Records contained in a dataset:
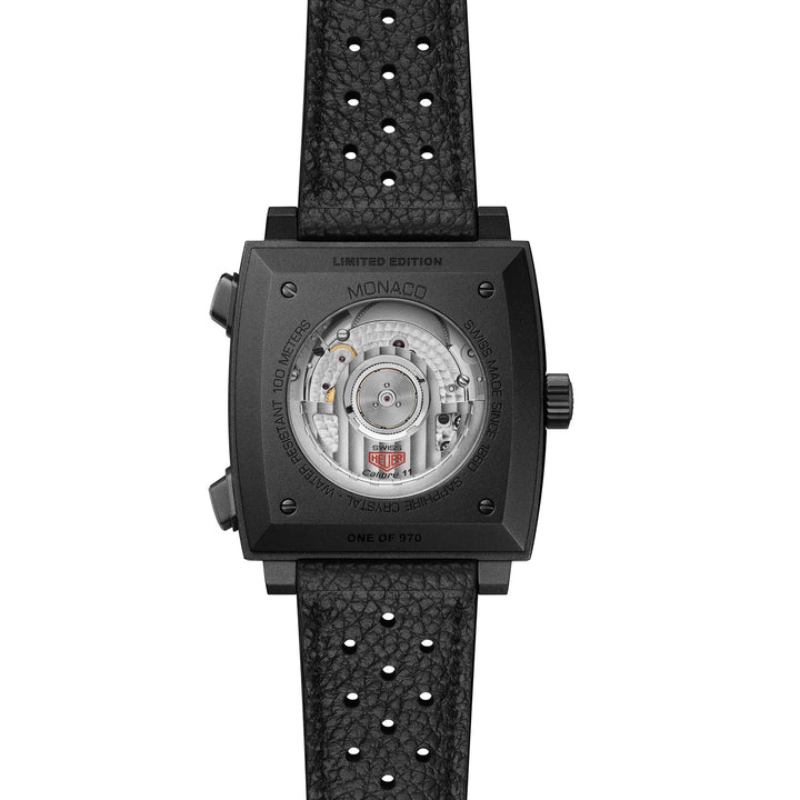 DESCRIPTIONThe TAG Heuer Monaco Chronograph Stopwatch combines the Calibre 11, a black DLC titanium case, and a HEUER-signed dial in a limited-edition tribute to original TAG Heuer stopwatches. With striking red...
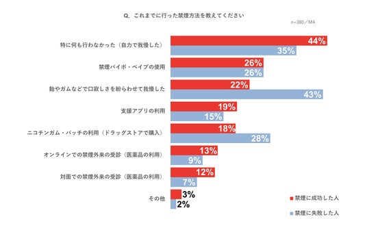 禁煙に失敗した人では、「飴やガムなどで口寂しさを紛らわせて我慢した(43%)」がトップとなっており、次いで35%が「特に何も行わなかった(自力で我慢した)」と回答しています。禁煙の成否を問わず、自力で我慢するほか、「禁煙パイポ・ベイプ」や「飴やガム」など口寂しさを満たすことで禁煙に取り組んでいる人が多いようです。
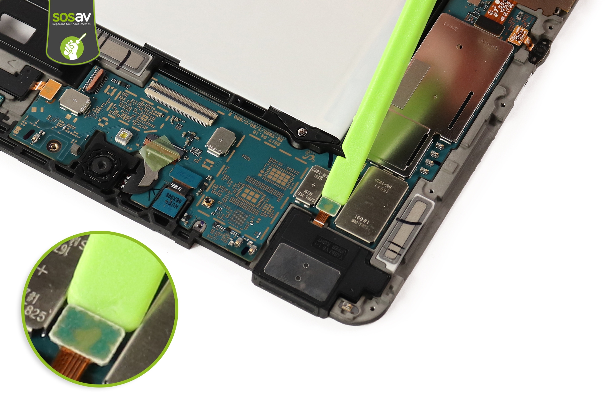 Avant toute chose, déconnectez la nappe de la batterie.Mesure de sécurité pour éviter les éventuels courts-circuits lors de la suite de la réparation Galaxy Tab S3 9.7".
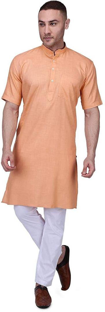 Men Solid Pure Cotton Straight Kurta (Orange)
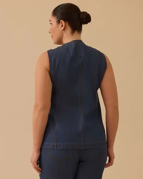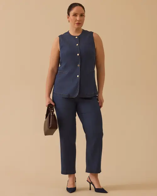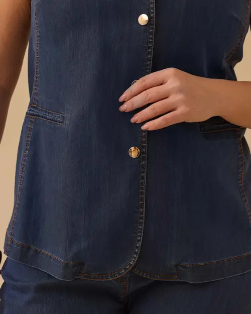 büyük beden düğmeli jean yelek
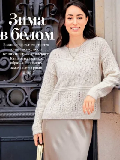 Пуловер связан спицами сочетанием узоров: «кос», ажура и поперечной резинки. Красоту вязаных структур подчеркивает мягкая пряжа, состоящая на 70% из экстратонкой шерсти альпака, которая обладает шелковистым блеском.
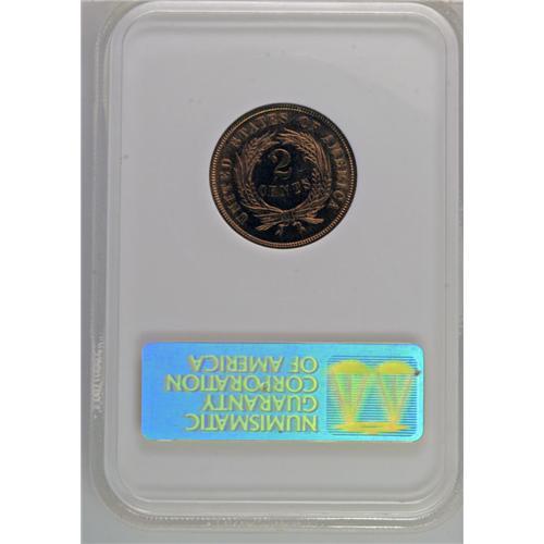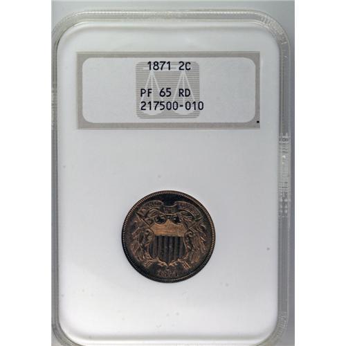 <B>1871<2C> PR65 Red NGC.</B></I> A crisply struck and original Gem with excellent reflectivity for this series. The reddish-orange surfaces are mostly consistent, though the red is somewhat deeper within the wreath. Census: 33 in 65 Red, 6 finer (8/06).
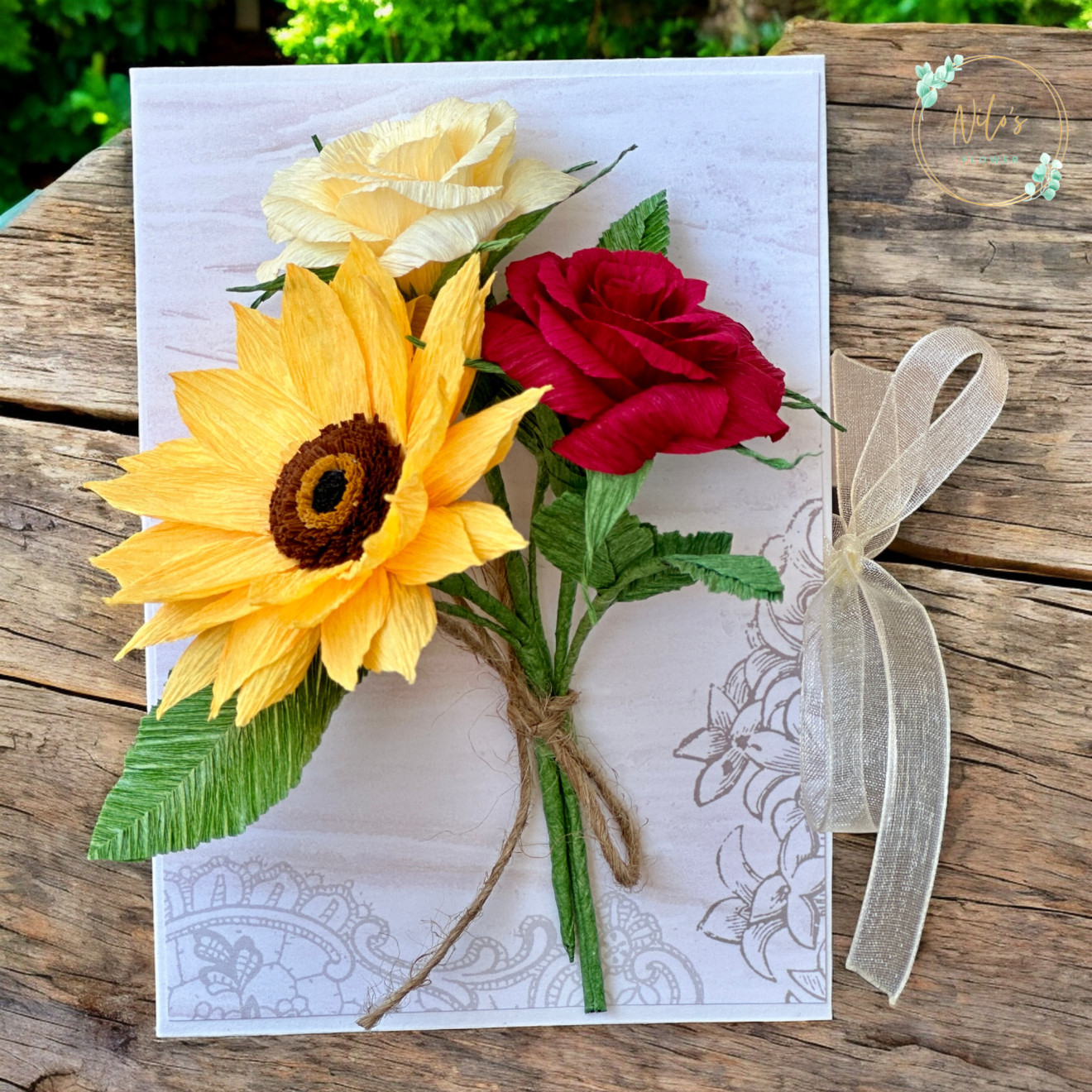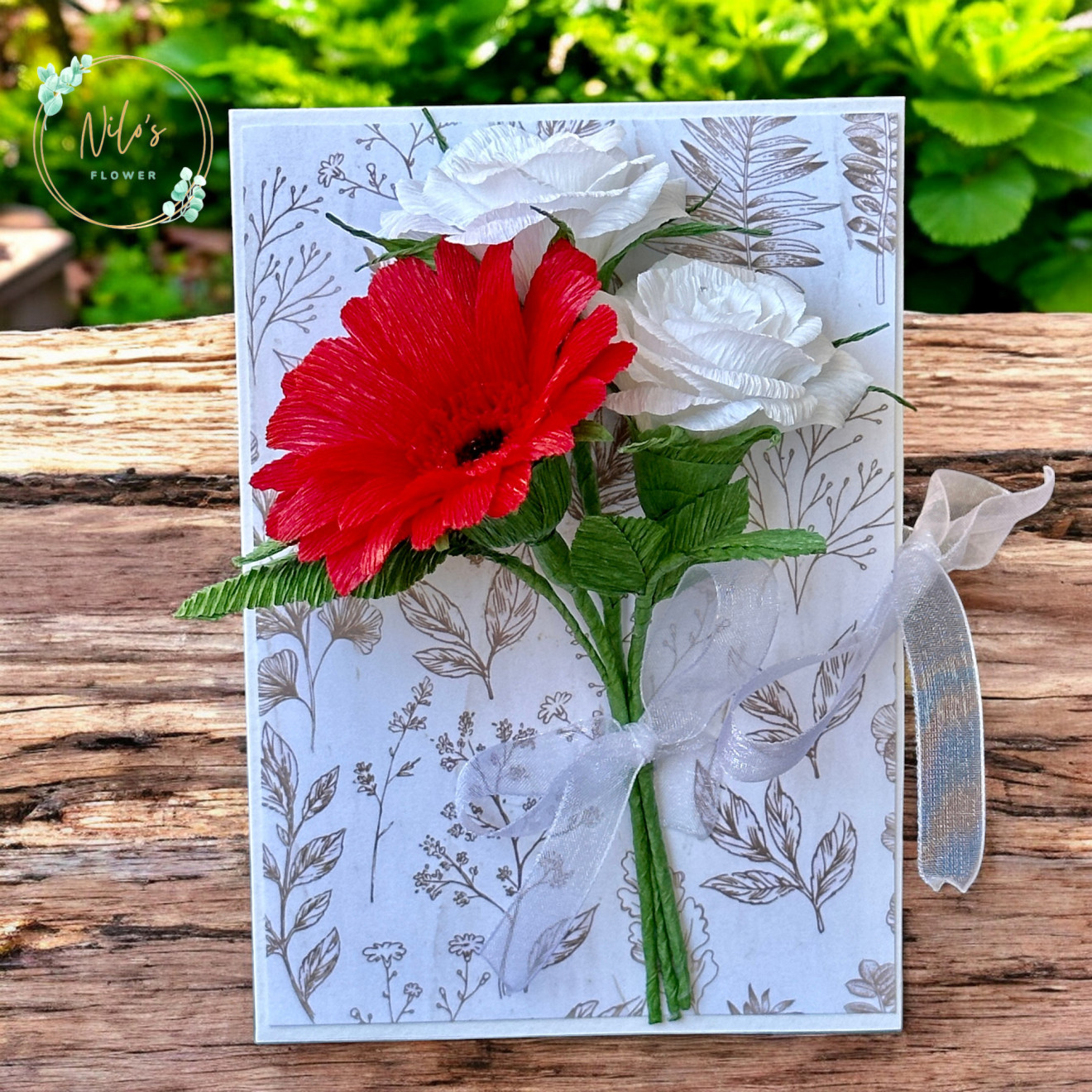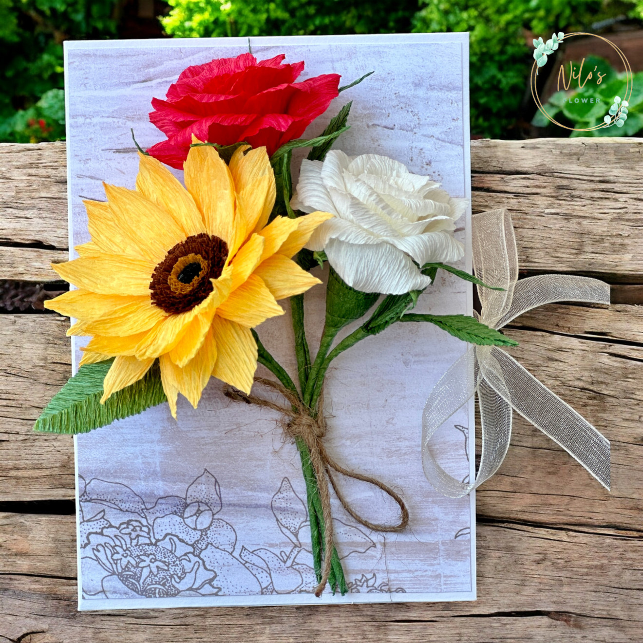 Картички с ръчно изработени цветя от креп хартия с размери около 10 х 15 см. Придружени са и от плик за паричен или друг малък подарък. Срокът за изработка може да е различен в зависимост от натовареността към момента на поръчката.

- **How to complete this task**
Would you give again, exactly, the lines in the data above that run from the line containing "禁煙に失敗した人では、「飴や" to the line containing "<B>1871<2C> PR65 Red"? Include both ends and no pictures.

- **Solved exercise**
 禁煙に失敗した人では、「飴やガムなどで口寂しさを紛らわせて我慢した(43%)」がトップとなっており、次いで35%が「特に何も行わなかった(自力で我慢した)」と回答しています。禁煙の成否を問わず、自力で我慢するほか、「禁煙パイポ・ベイプ」や「飴やガム」など口寂しさを満たすことで禁煙に取り組んでいる人が多いようです。
 Avant toute chose, déconnectez la nappe de la batterie.Mesure de sécurité pour éviter les éventuels courts-circuits lors de la suite de la réparation Galaxy Tab S3 9.7".
 Men Solid Pure Cotton Straight Kurta (Orange)
 büyük beden düğmeli jean yelek
 Пуловер связан спицами сочетанием узоров: «кос», ажура и поперечной резинки. Красоту вязаных структур подчеркивает мягкая пряжа, состоящая на 70% из экстратонкой шерсти альпака, которая обладает шелковистым блеском.
 <B>1871<2C> PR65 Red NGC.</B></I> A crisply struck and original Gem with excellent reflectivity for this series. The reddish-orange surfaces are mostly consistent, though the red is somewhat deeper within the wreath. Census: 33 in 65 Red, 6 finer (8/06).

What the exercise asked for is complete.